[The data]

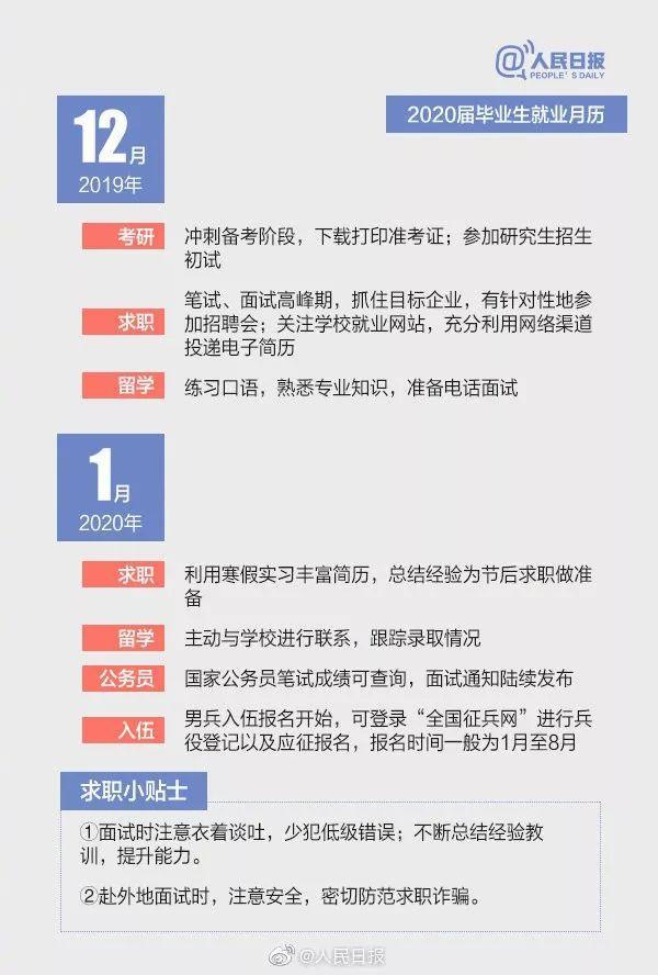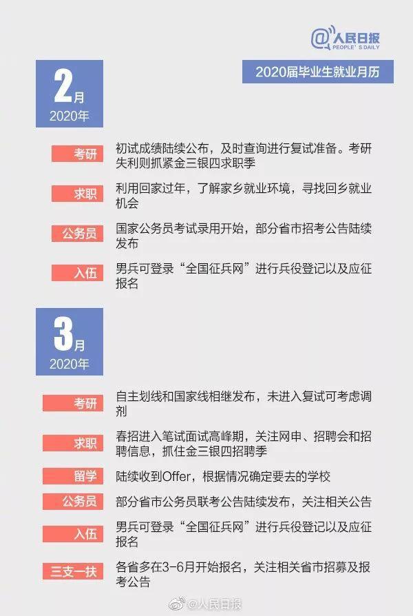 随着2019届毕业生陆续踏入工作岗位,2020届准毕业生也将开启新一轮的求职历程。暑假一过,新学期就开始了,考研、就业还是出国,你考虑好了吗?不打无准备之仗,2020届毕业生升学求职月历已帮你备好↓
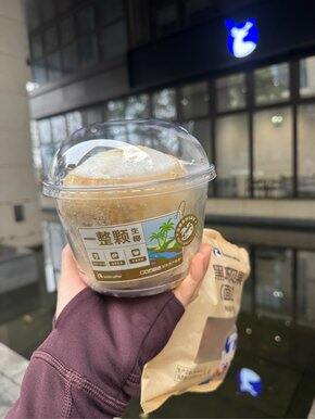 新的一周用一颗椰子蛋开启刚拿到的时候表面都是冰碴运气不错 赶上这颗叶子肉软弹很好吃午餐食堂晚餐 香蕉奶昔 巧克力今天练臀斜坡走40分钟清明节行程确定
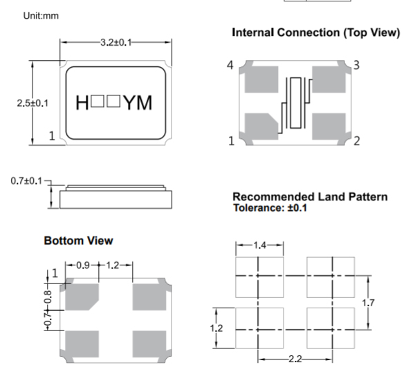 HSX321S晶振外形尺寸:
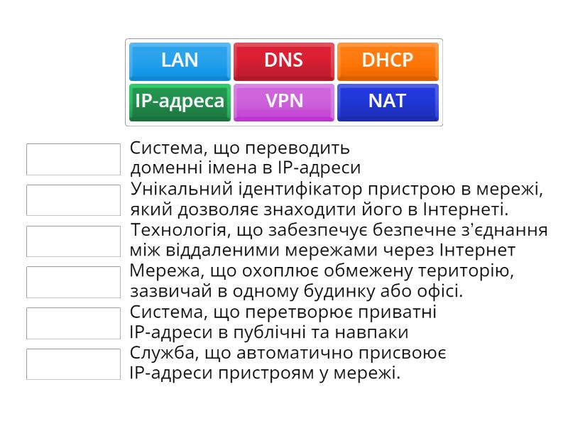 IP-адреса - Унікальний ідентифікатор пристрою в мережі, який дозволяє знаходити його в Інтернеті., DHCP - Служба, що автоматично присвоює IP-адреси пристроям у мережі., DNS - Система, що переводить доменні імена в IP-адреси, NAT - Система, що перетворює приватні IP-адреси в публічні та навпаки, VPN - Технологія, що забезпечує безпечне з’єднання між віддаленими мережами через Інтернет, LAN - Мережа, що охоплює обмежену територію, зазвичай в одному будинку або офісі.,
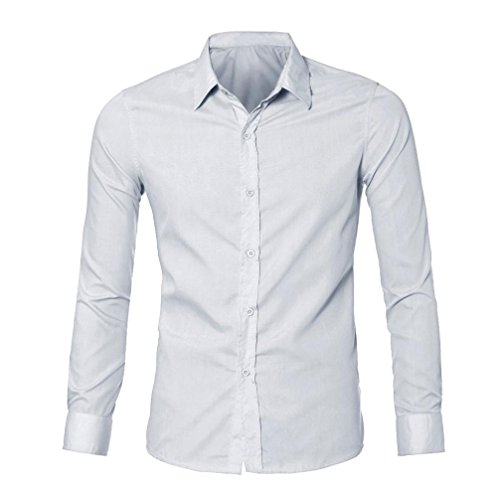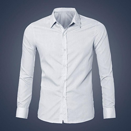 Amlaiworld Elegante Abito Casual Uomo Slim Fit t-Shirt Manica Lunga (M, Bianco)
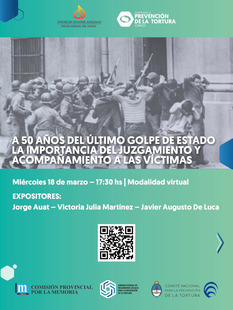 El Comité para la Prevención de la Tortura, con la colaboración del Centro de Estudios Judiciales, realizará el próximo miércoles 18 de marzo a las 17:30 horas el panel titulado “A 50 años del último golpe de Estado – La importancia del juzgamiento y el acompañamiento a las víctimas”.
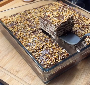 4. Finalize com charme: Despeje essa cobertura sobre o bolo já montado e polvilhe as castanhas ou amêndoas trituradas por cima. Cubra com um prato ou tampa e leve à geladeira por pelo menos 3-4 horas. Se puder deixar de um dia para o outro, melhor ainda! O biscoito vai absorver todo o sabor do creme, criando uma textura maravilhosa.
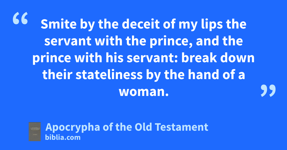 2 O Lord God of my father Simeon, into whose hand thou gavest a sword to take vengeance of the strangers, who loosened the girdle of a virgin to defile her, and uncovered the thigh to her shame, and profaned the womb to her reproach; 3 for thou saidst, It shall not be so; and they did so: wherefore thou gavest their rulers to be slain, and their bed, which was ashamed for her that was deceived, to be dyed in blood, and smotest the servants with their lords, and the lords upon their thrones; 4 and gavest their wives for a prey, and their daughters to be captives, and all their spoils to be divided among thy dear children; which were moved with zeal for thee, and abhorred the pollution of their blood, and called upon thee for aid: O God, O my God, hear me also that am a widow. 5 For thou wroughtest the things that were before those things, and those things, and such as ensued after; and thou didst devise the things which are now, and the things which are to come: 6 and the things which thou didst devise came to pass; yea, the things which thou didst determine stood before thee, and said, Lo, we are here: for all thy ways are prepared, and thy judgement is with foreknowledge. 7 For, behold, the Assyrians are multiplied in their power; they are exalted with horse and rider; they have gloried in the strength of their footmen; they have trusted in shield and spear and bow and sling; and they know not that thou art the Lord that breaketh the battles: the Lord is thy name. 8 Dash thou down their strength in thy power, and bring down their force in thy wrath: for they have purposed to profane thy sanctuary, and to defile the tabernacle where thy glorious name resteth, and to cast down with the sword the horn of thine altar. 9 Look upon their pride, and send thy wrath upon their heads: give into my hand, which am a widow, the might that I have conceived. 10 Smite by the deceit of my lips the servant with the prince, and the prince with his servant: break down their stateliness by the hand of a woman. 11 For thy power standeth not in multitude, nor thy might in strong men: but thou art a God of the afflicted, thou art a helper of the oppressed, an upholder of the weak, a protector of the forlorn, a saviour of them that are without hope. 12 Yea, yea, God of my father, and God of the inheritance of Israel, Lord of the heavens and of the earth, Creator of the waters, King of every creature, hear thou my prayer: 13 and make my speech and deceit to be their wound and stripe, who have purposed hard things against thy covenant, and thy hallowed house, and the top of Sion, and the house of the possession of thy children. 14 And make every nation and tribe of thine to know that thou art God, the God of all power and might, and that there is none other that protecteth the race of Israel but thou.
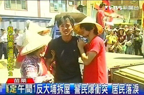 原本县长刘政鸿,限期居民在7月5日前自行拆除,台当局“行政院”和马英九办公室介入后,临时喊停,不过苗栗县早就申请了两星期的拆除占路权,上午还是用三角椎封路,支持者心中气恼,致使爆发冲突。而大埔拆迁事件,3年前已导致一人想不开自杀。

[/The data]

▶ [What to produce] Using the data above, copy exactly the lines from the one containing "Amlaiworld Elegante Abito" to the one containing "El Comité para", inclusive. Exclude the pictures.

▶ [Response area]
 Amlaiworld Elegante Abito Casual Uomo Slim Fit t-Shirt Manica Lunga (M, Bianco)
 El Comité para la Prevención de la Tortura, con la colaboración del Centro de Estudios Judiciales, realizará el próximo miércoles 18 de marzo a las 17:30 horas el panel titulado “A 50 años del último golpe de Estado – La importancia del juzgamiento y el acompañamiento a las víctimas”.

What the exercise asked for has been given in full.